→ Entries supplied
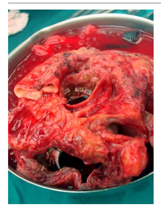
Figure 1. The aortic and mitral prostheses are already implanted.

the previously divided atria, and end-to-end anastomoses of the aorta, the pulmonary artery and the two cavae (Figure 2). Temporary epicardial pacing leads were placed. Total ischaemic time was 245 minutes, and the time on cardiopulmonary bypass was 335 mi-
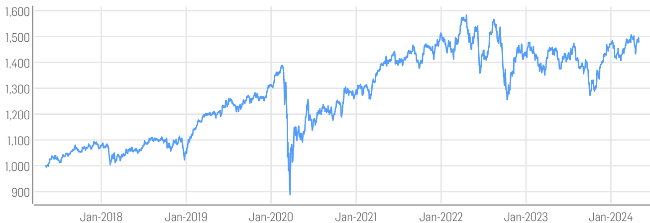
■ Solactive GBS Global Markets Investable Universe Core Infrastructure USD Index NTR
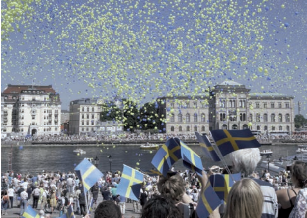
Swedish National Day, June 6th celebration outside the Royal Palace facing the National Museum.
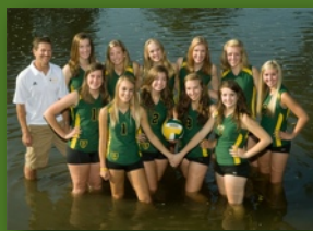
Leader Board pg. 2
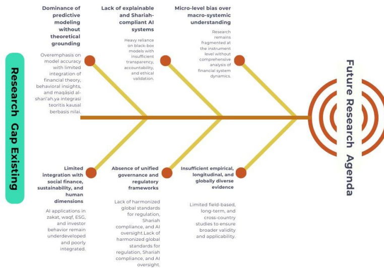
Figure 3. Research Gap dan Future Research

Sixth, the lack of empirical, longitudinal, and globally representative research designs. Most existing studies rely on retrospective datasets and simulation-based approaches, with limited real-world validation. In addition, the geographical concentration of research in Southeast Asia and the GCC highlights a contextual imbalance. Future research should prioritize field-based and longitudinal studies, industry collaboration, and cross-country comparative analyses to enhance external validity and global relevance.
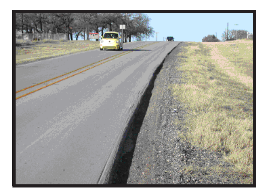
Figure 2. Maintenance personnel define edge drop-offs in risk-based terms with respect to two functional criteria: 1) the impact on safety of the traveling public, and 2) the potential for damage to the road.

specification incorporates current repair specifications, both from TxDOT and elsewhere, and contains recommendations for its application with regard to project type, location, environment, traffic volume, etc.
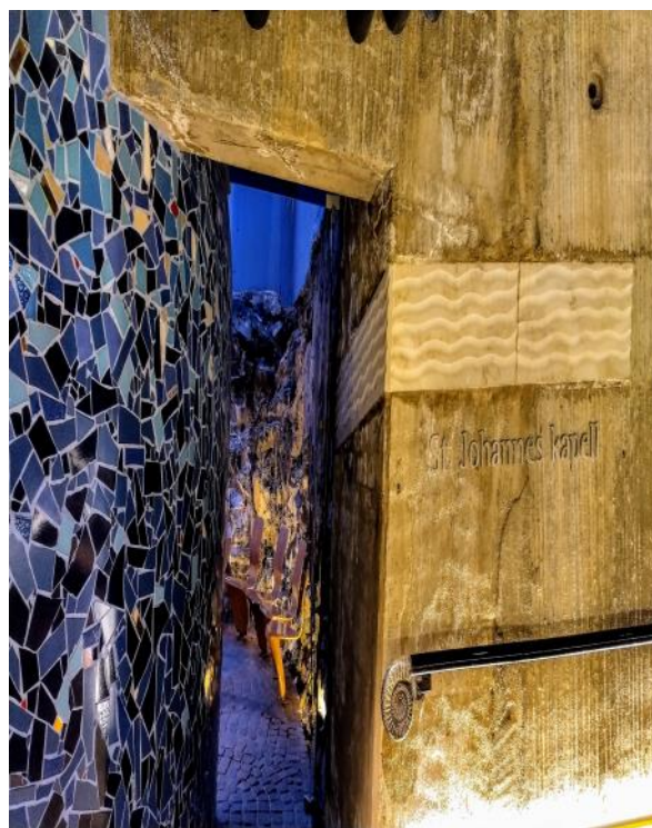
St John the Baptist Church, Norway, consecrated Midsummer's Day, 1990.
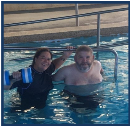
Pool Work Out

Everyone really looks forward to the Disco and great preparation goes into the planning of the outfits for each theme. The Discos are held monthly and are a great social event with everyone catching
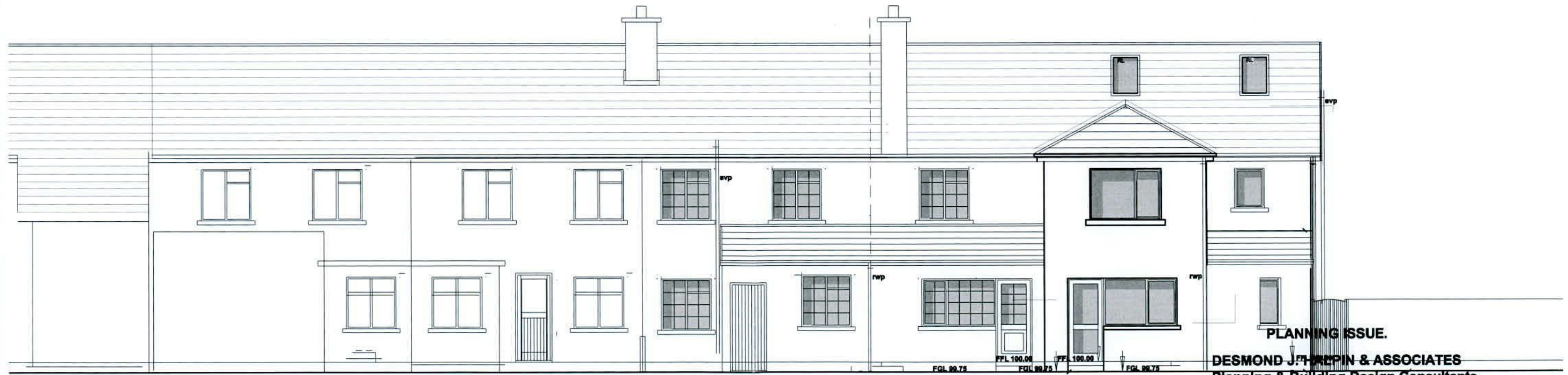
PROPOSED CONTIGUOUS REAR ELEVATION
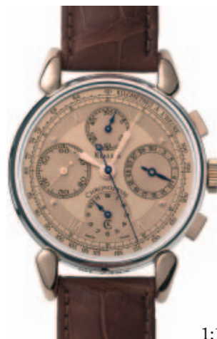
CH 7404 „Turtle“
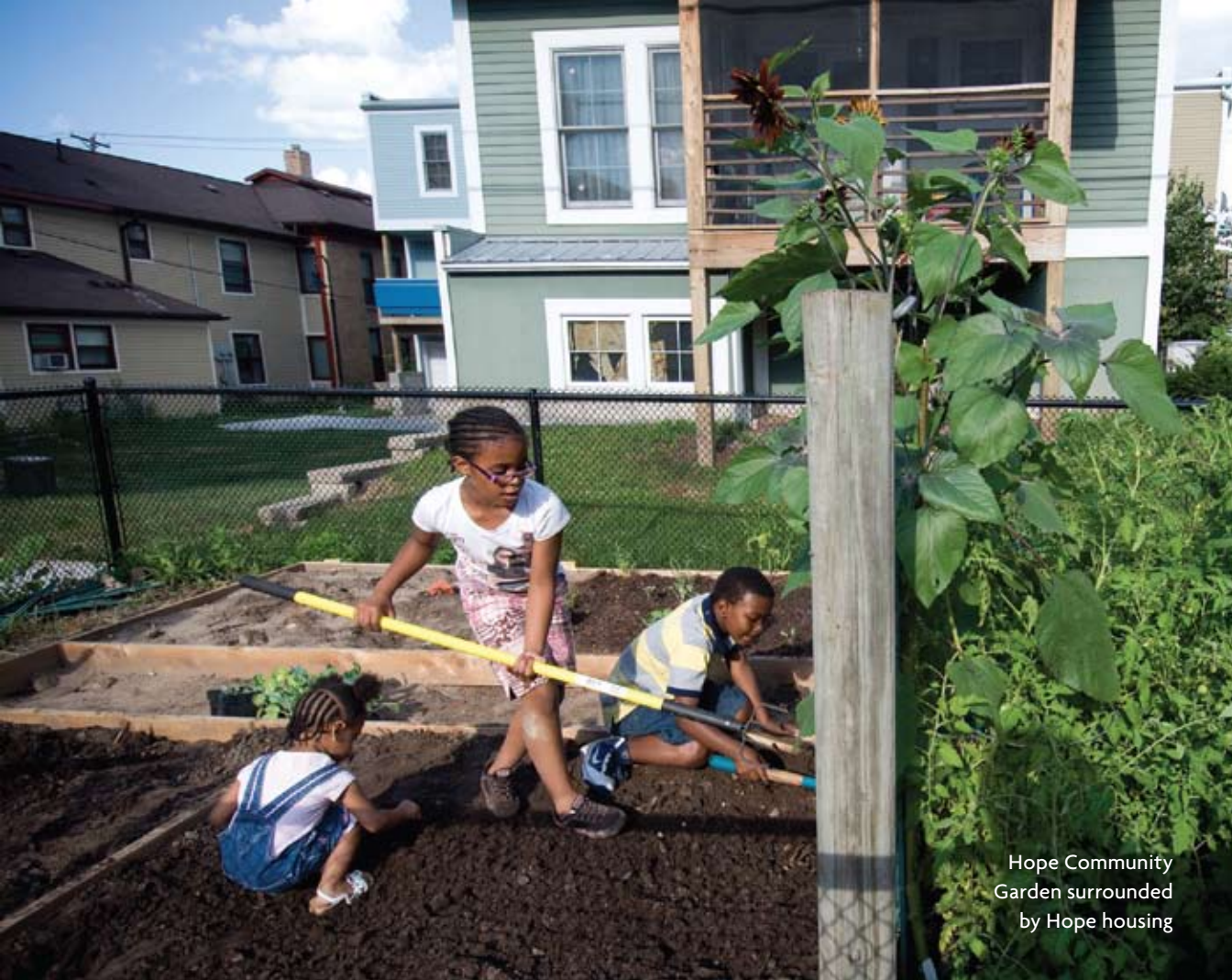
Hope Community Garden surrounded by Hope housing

→ About this task
The reply needs to repeat exactly the line containing "Pool Work Out" and each line after it, through the final line of the entries above, and to skip the pictures.

→ Result of the exercise
Pool Work Out

Everyone really looks forward to the Disco and great preparation goes into the planning of the outfits for each theme. The Discos are held monthly and are a great social event with everyone catching
PROPOSED CONTIGUOUS REAR ELEVATION
CH 7404 „Turtle“
Hope Community Garden surrounded by Hope housing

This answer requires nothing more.